Florence, outside the entrance to this yard, which, now containing up-market

eating places has totally changed from even then. In the mid-seventies £1 could buy you a good set meal in Gerrard Street


  1. I love your description of the holiday “resort,” complete with snarling dogs. I can deal with no electricity or running water, but the digging of the waste disposal pit every day would have finished me. Michael sounds like quite the enterprising kid!

  2. I enjoyed the story of the holiday resort, and especially Michael’s rabbits. I can just picture the poor lad crashing down through a skylight, in the clutches of the gentleman below. Rick was once robbed at gunpoint by a burglar crashing down through a skylght where he worked.

      1. Rick was working as a manager in a drug store, and was closing out the register and preparing to take the day’s cash to the night deposit. It was after closing, and the burglar had been on the roof waiting for the building to empty. The fall through the skylight was an accident. The man was very nervous and Rick had started to wrestle him, but then though better of it and lay face down and did what he was told. Than burglar made off with about $50 in the drawer and forgot all about the big bag of cash going to the night deposit.

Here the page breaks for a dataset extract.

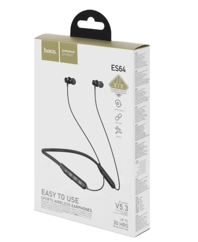 Наушники беспроводные Hoco ES64 держат до 30 часов музыки! Легкие и удобные для повседневного ношения, дизайн с магнитными наушниками и шейным ободком.
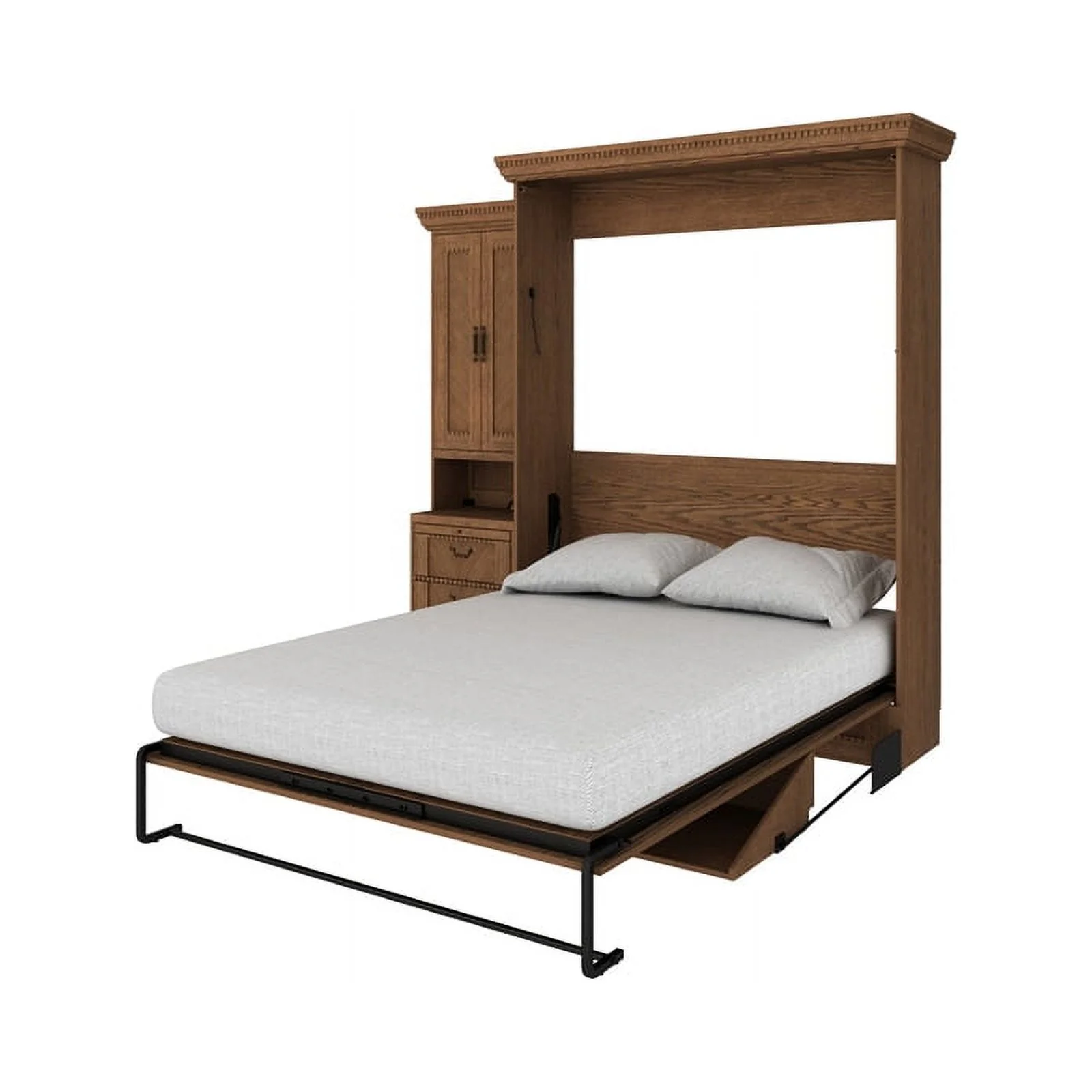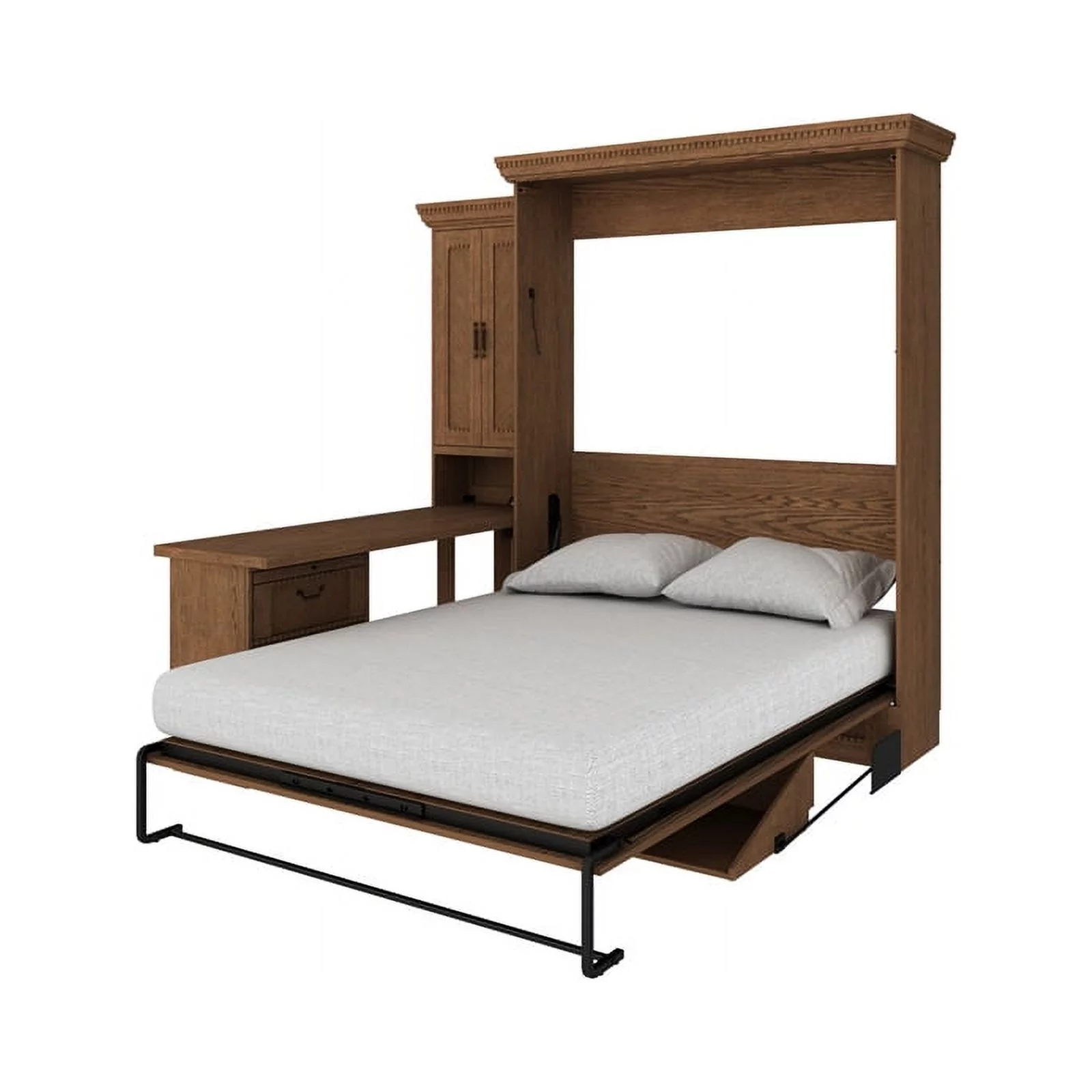 RoomAndLoft Queen Wood Murphy Wall Desk Bed & 2 Shelf Storage Units in Brown

    1. Thank you so much, Laurie. You can still get an all you can eat buffet at a comparable price, with the proviso that you have only 40 minutes and have to pay extra for anything you don’t eat. They would meet their match with our son, Matthew.

  3. Such changes in a place during your own lifetime chronicles the speed at which we are living now. The rabbit story is priceless.

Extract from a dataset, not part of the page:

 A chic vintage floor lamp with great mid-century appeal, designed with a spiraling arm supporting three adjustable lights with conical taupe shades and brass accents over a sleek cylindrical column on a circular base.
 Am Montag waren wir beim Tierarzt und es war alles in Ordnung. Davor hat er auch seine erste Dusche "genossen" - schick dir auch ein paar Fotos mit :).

    1. As you know, I’m with you re the resort, Sheree. I actually don’t remember what happened to the rabbits, but, knowing Michael he might well have marketed them. Thanks a lot.

  4. Wonderful stories, Derrick. I agree with you about the “resort.” No running water would have been a deal breaker for me, and the other things just make it sound worse.
    Michael does sound very enterprising. I can’t imagine the rabbits on the roof would be allowed now.

  5. Great stories and adventures! Great memories! Love the Michael and his rabbits story! 🙂 I wonder at the height of rabbitdom how many rabbits he had! ??? I would’ve loved to have watched them!
    In that photo of your children…Michael’s ingenuity and personality shines through. 🙂 Matthew, too! 🙂
    I would’ve loved to visit the sheet music publishers place!
    I’m glad Simon was okay! Scary! 😮
    (((HUGS))) 🙂

  6. I remember seeing the Boosey and Hawkes offices in the 70’s as I spent a lot of my time in London taking part in musical activities. Little did I know that the roof was home to countless rabbits living in hutches made from pallets by an enterprising young man! Life seemed to be more unpredictable, edgier and exciting/scary in the 70’s.

  7. Like the rest of your fan base, I am enjoying your yarns about a life well spent.

    I held my breath when I got to the part about the lad crashing through the sky light.

  8. Telling a story amongst older photos is wonderful. I bet your grandchildren will have a giggle at how the “oldies” looked way back then.

  9. This instalment contains amazing stories that are timeless in content and appeal. Those proceedings could easily have happened in a Victorian era novel. Imagine Charles Keeping producing an illustration about the capture and release of the fallen boy!

  10. How lovely to hear about Michael.
    When I read the part about the young friend in the clutches of an angry man, Charles Dickens popped to mind. Then I visualised you drawing the event!

  11. What a lovely memory of a great neighborhood. The rabbits! The publishing company not objecting! The neighbors LIKING it and leaving food for them. Paradise.